EXERCISE INSTRUCTIONS: Would you retype exactly the lines below, starting with the one that has "14 июня - День" and going on through the one that has "- Anda dapat", with no pictures and nothing else?
══ AVAILABLE DATA
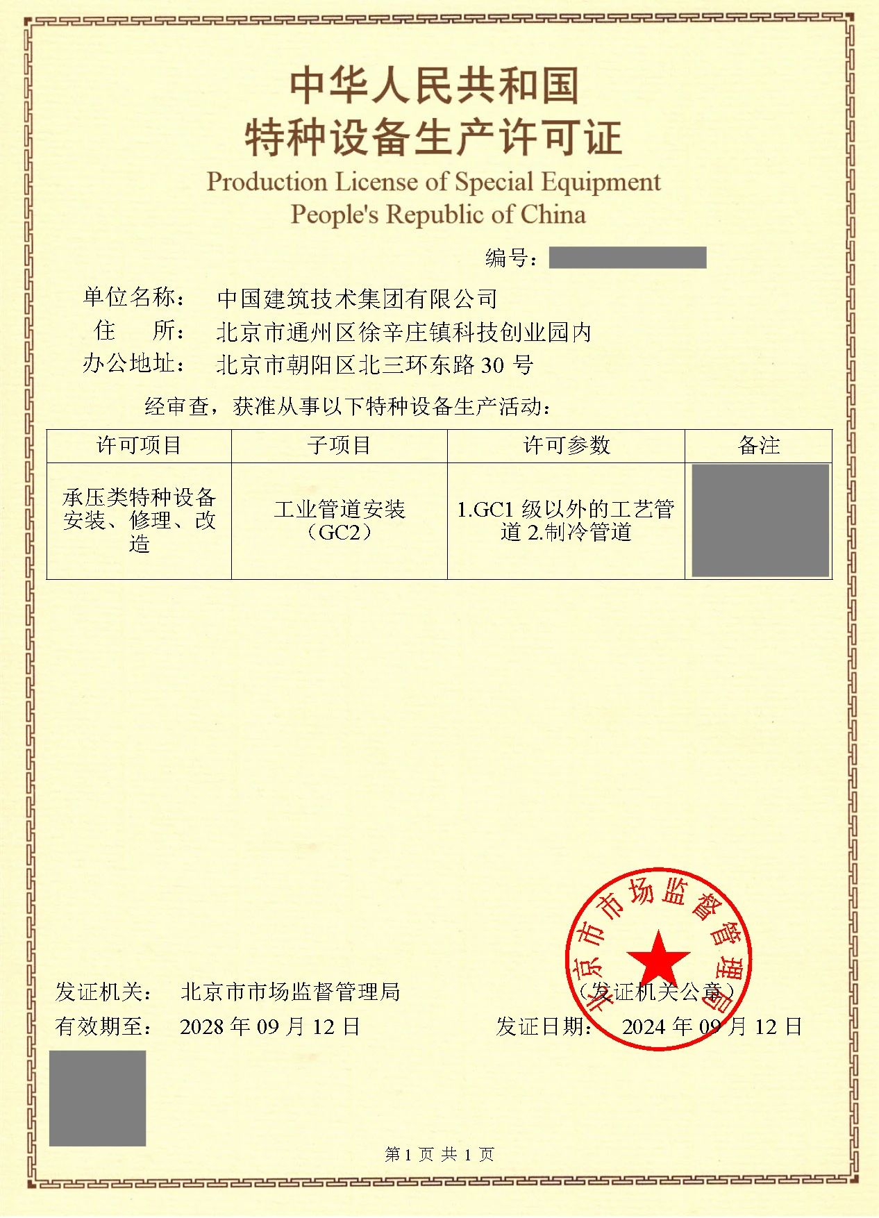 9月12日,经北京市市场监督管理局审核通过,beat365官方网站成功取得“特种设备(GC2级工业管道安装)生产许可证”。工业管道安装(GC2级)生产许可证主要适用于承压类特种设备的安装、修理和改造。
════
══ AVAILABLE DATA
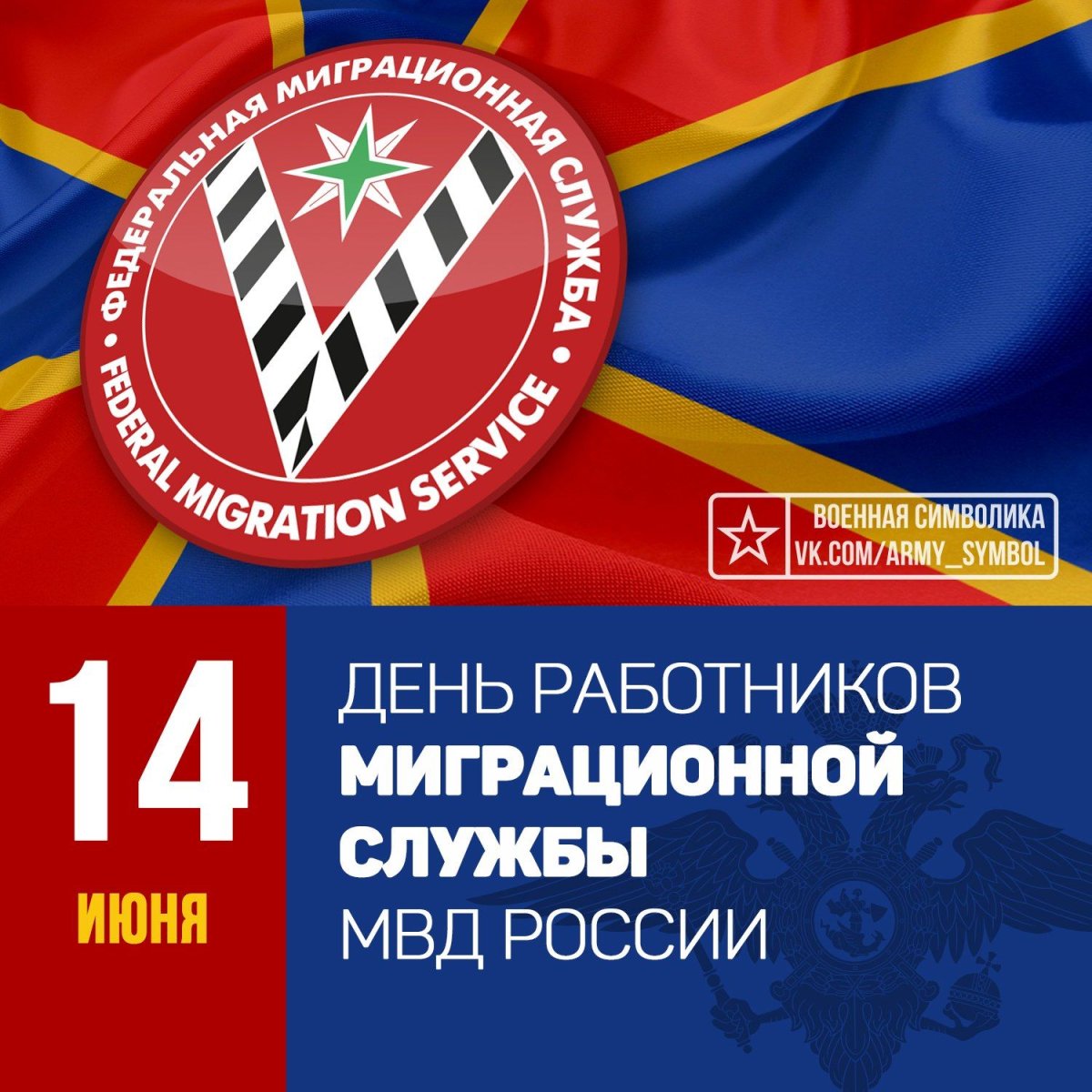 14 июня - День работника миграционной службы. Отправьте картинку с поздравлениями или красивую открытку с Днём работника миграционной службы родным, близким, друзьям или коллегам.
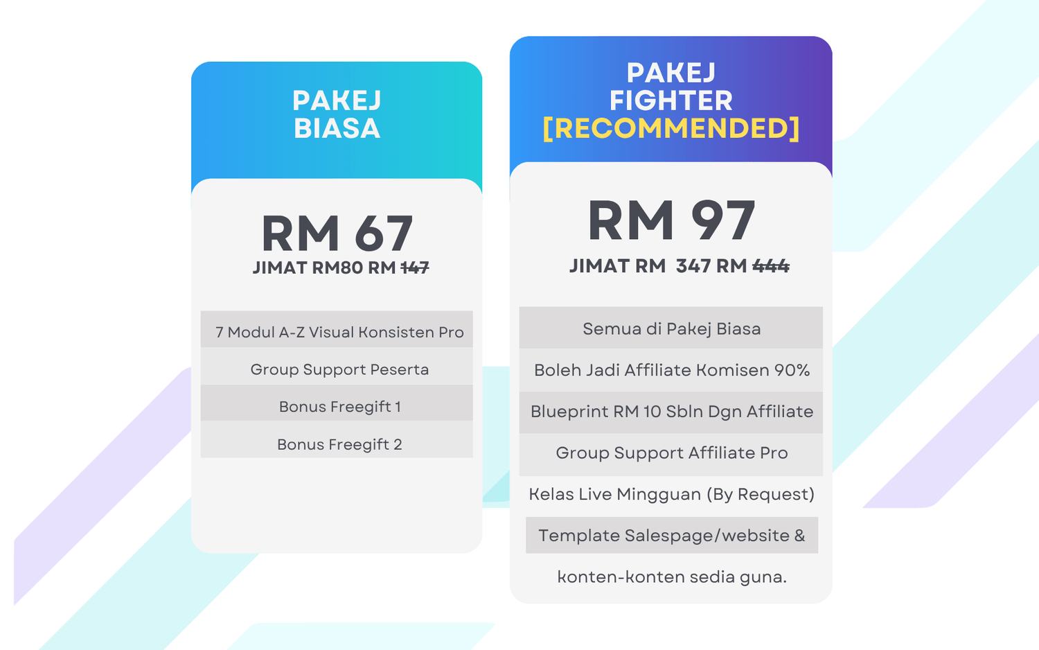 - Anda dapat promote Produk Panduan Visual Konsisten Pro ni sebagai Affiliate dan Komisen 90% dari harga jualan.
════
ANSWER BOX:
 14 июня - День работника миграционной службы. Отправьте картинку с поздравлениями или красивую открытку с Днём работника миграционной службы родным, близким, друзьям или коллегам.
 - Anda dapat promote Produk Panduan Visual Konsisten Pro ni sebagai Affiliate dan Komisen 90% dari harga jualan.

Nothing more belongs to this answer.